[[ Given information open ]]
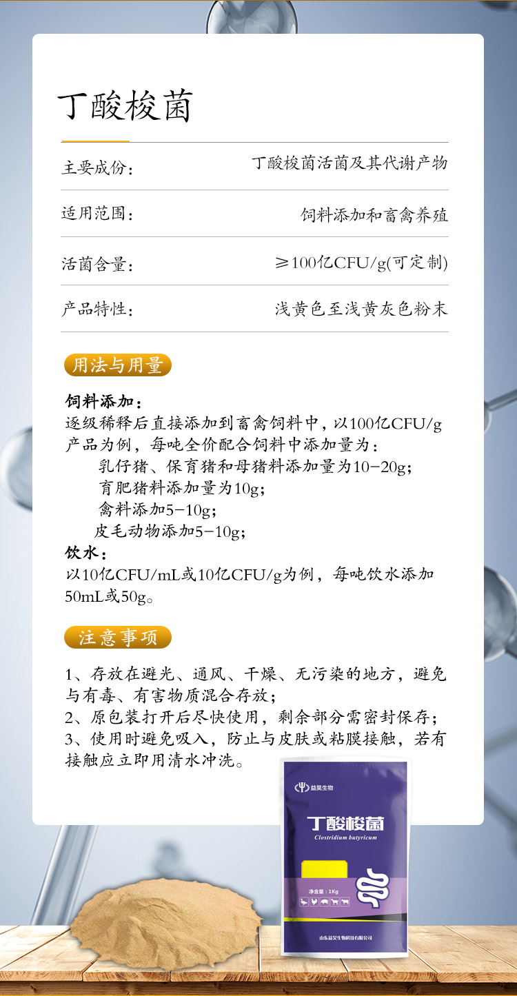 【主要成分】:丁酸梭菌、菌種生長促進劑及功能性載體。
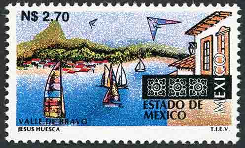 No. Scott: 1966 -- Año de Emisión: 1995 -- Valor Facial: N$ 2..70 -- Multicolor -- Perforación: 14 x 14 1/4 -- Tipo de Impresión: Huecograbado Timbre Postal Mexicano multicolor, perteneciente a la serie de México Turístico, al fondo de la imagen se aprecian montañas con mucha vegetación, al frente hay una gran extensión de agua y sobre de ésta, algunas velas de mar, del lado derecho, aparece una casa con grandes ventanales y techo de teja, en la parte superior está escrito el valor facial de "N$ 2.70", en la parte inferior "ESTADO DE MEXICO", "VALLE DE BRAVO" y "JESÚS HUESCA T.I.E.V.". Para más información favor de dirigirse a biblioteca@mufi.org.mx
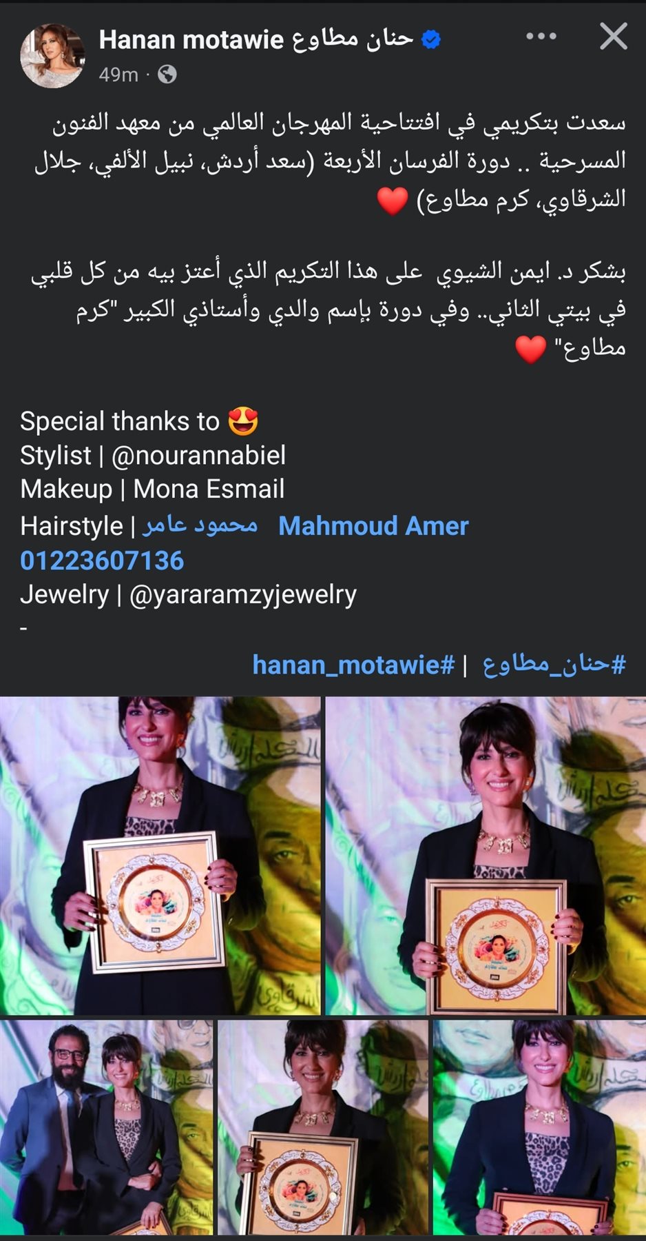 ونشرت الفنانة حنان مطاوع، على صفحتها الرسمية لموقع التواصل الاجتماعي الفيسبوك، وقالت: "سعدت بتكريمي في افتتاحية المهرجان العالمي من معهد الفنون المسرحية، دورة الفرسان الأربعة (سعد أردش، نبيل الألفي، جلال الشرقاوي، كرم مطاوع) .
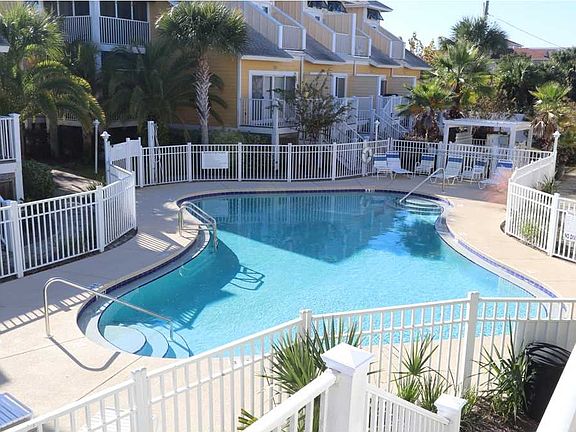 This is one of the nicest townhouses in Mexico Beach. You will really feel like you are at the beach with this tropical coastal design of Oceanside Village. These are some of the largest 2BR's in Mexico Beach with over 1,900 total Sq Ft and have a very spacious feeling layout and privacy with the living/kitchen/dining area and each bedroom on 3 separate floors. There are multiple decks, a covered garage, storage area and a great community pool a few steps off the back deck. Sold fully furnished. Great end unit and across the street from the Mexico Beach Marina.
[[ Given information closed ]]
- What you should do -
Output only the lines above from the line that holds "No. Scott: 1966" through the line that holds "ونشرت الفنانة حنان", both ends included, and exclude pictures.

- Solution for this problem -
 No. Scott: 1966 -- Año de Emisión: 1995 -- Valor Facial: N$ 2..70 -- Multicolor -- Perforación: 14 x 14 1/4 -- Tipo de Impresión: Huecograbado Timbre Postal Mexicano multicolor, perteneciente a la serie de México Turístico, al fondo de la imagen se aprecian montañas con mucha vegetación, al frente hay una gran extensión de agua y sobre de ésta, algunas velas de mar, del lado derecho, aparece una casa con grandes ventanales y techo de teja, en la parte superior está escrito el valor facial de "N$ 2.70", en la parte inferior "ESTADO DE MEXICO", "VALLE DE BRAVO" y "JESÚS HUESCA T.I.E.V.". Para más información favor de dirigirse a biblioteca@mufi.org.mx
 ونشرت الفنانة حنان مطاوع، على صفحتها الرسمية لموقع التواصل الاجتماعي الفيسبوك، وقالت: "سعدت بتكريمي في افتتاحية المهرجان العالمي من معهد الفنون المسرحية، دورة الفرسان الأربعة (سعد أردش، نبيل الألفي، جلال الشرقاوي، كرم مطاوع) .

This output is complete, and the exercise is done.